▶ EXTRACTED RECORDS
══════════
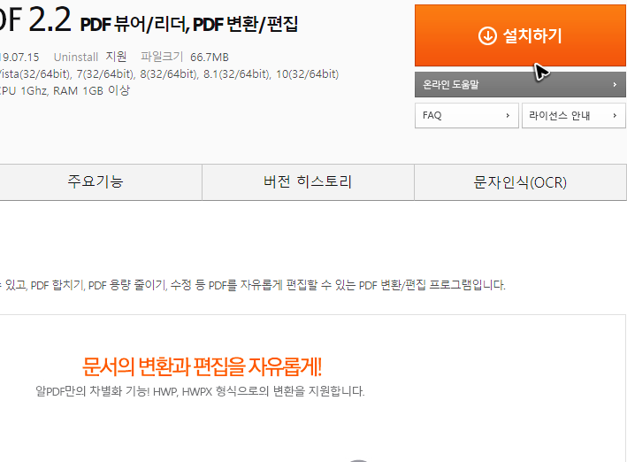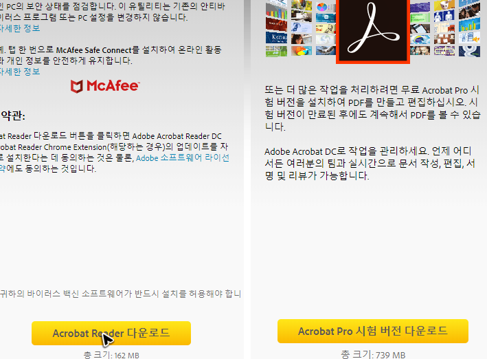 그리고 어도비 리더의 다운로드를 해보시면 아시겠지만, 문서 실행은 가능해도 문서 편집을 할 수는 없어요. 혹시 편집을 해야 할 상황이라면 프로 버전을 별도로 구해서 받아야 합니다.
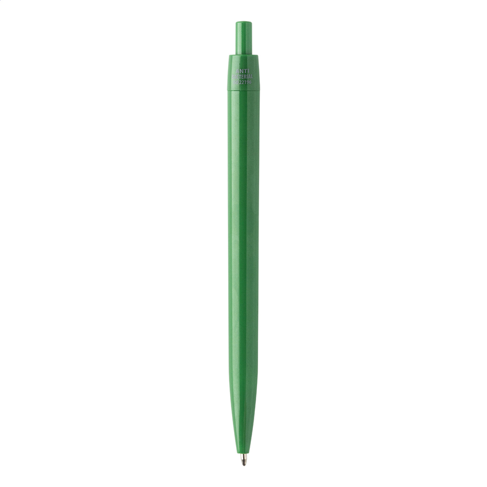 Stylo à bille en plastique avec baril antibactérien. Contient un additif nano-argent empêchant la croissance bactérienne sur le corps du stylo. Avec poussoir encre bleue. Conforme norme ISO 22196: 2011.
══════════
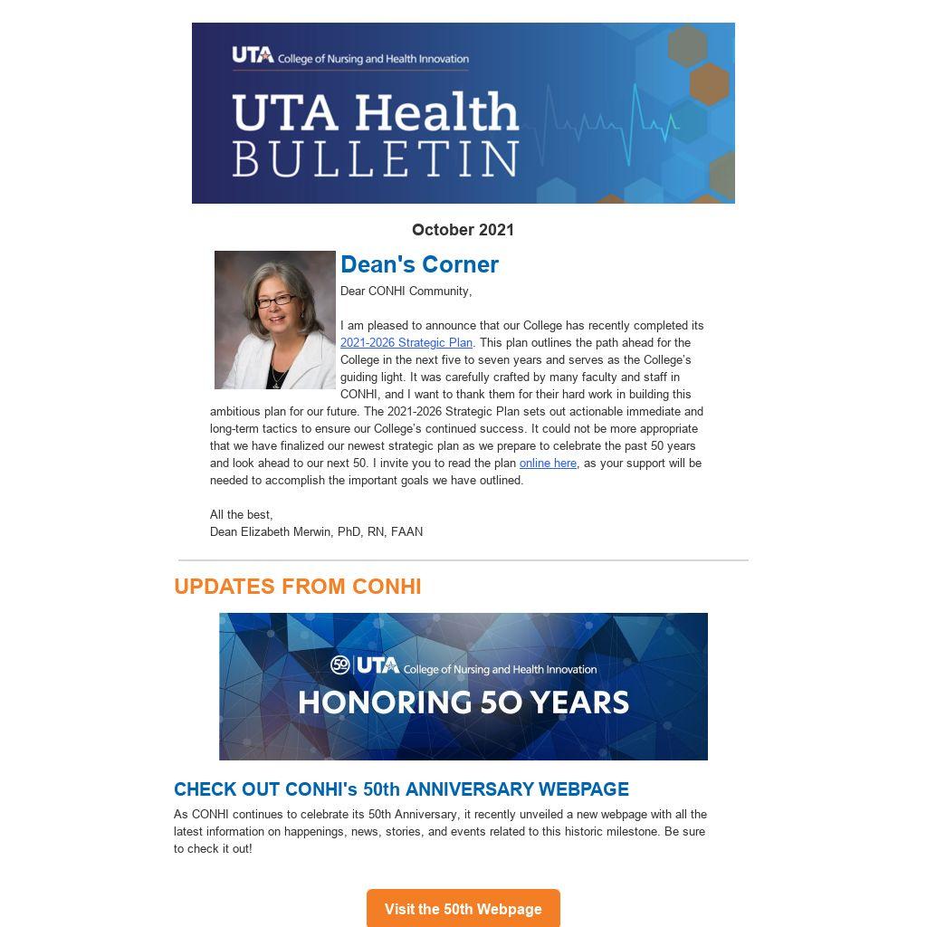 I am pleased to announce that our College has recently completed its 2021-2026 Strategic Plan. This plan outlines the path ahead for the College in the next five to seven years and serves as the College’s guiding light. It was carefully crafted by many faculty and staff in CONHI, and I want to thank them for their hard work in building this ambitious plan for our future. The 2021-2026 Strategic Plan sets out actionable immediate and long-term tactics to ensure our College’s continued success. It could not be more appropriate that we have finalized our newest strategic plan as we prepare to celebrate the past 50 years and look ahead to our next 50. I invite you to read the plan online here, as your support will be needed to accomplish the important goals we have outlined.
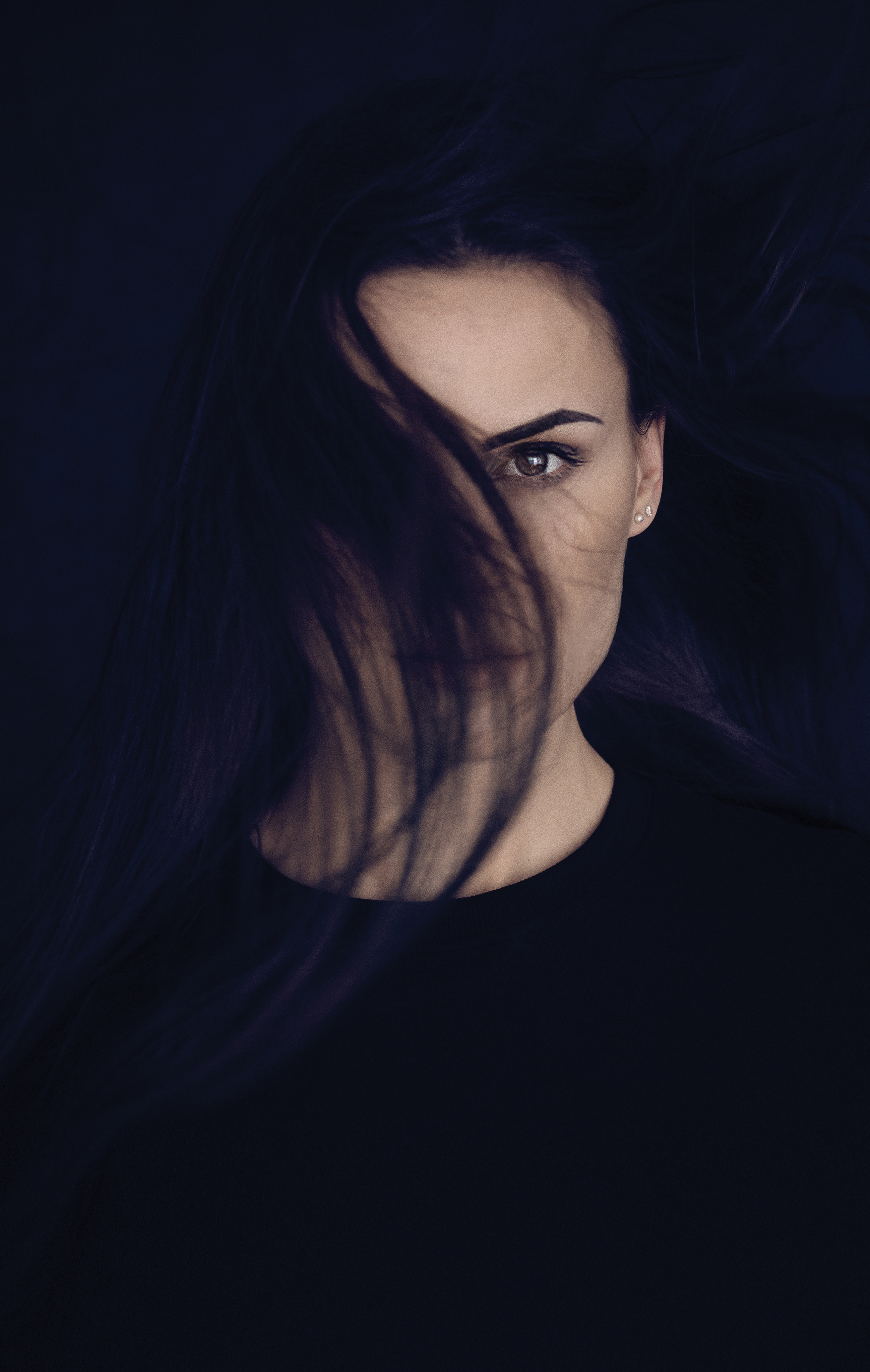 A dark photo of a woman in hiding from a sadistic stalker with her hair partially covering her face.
══════════
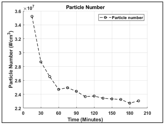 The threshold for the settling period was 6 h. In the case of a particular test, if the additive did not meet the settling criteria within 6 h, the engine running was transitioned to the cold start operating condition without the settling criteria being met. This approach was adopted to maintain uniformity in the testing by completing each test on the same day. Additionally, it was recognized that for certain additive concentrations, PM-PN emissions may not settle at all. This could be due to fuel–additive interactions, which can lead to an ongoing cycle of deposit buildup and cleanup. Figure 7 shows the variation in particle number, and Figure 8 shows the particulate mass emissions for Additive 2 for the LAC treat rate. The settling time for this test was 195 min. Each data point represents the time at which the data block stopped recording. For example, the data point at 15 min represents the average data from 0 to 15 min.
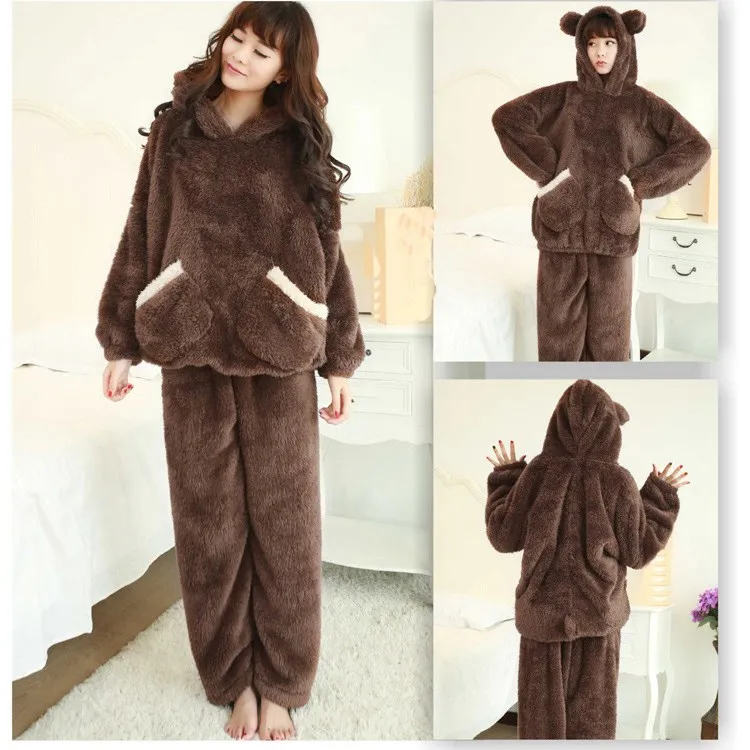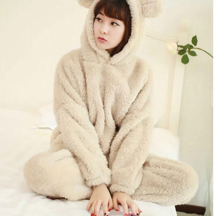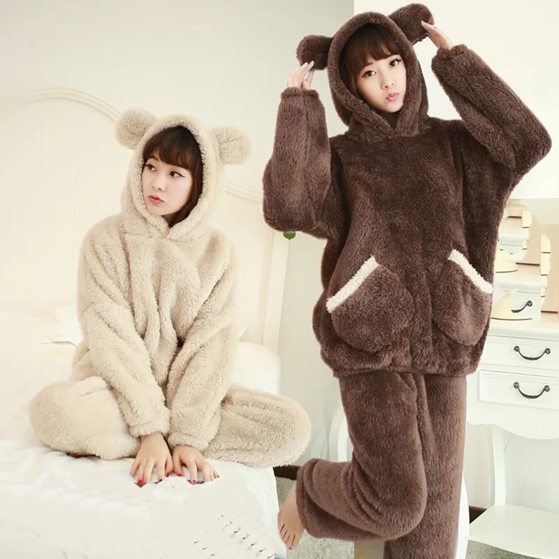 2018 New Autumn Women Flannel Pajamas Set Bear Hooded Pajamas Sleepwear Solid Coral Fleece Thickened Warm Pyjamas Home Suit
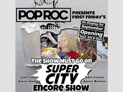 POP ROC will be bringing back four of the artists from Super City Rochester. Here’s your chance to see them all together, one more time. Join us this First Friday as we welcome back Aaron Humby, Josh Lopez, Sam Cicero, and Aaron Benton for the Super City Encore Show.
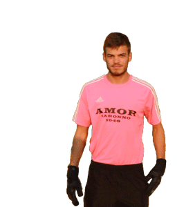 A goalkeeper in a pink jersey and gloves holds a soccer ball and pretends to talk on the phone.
══════════
▶ TASK TO CARRY OUT
Please copy the lines above exactly, starting at the line that holds "그리고 어도비 리더의" and ending at the line that holds "Stylo à bille"; include both, but no pictures.

▶ SOLUTION
 그리고 어도비 리더의 다운로드를 해보시면 아시겠지만, 문서 실행은 가능해도 문서 편집을 할 수는 없어요. 혹시 편집을 해야 할 상황이라면 프로 버전을 별도로 구해서 받아야 합니다.
 Stylo à bille en plastique avec baril antibactérien. Contient un additif nano-argent empêchant la croissance bactérienne sur le corps du stylo. Avec poussoir encre bleue. Conforme norme ISO 22196: 2011.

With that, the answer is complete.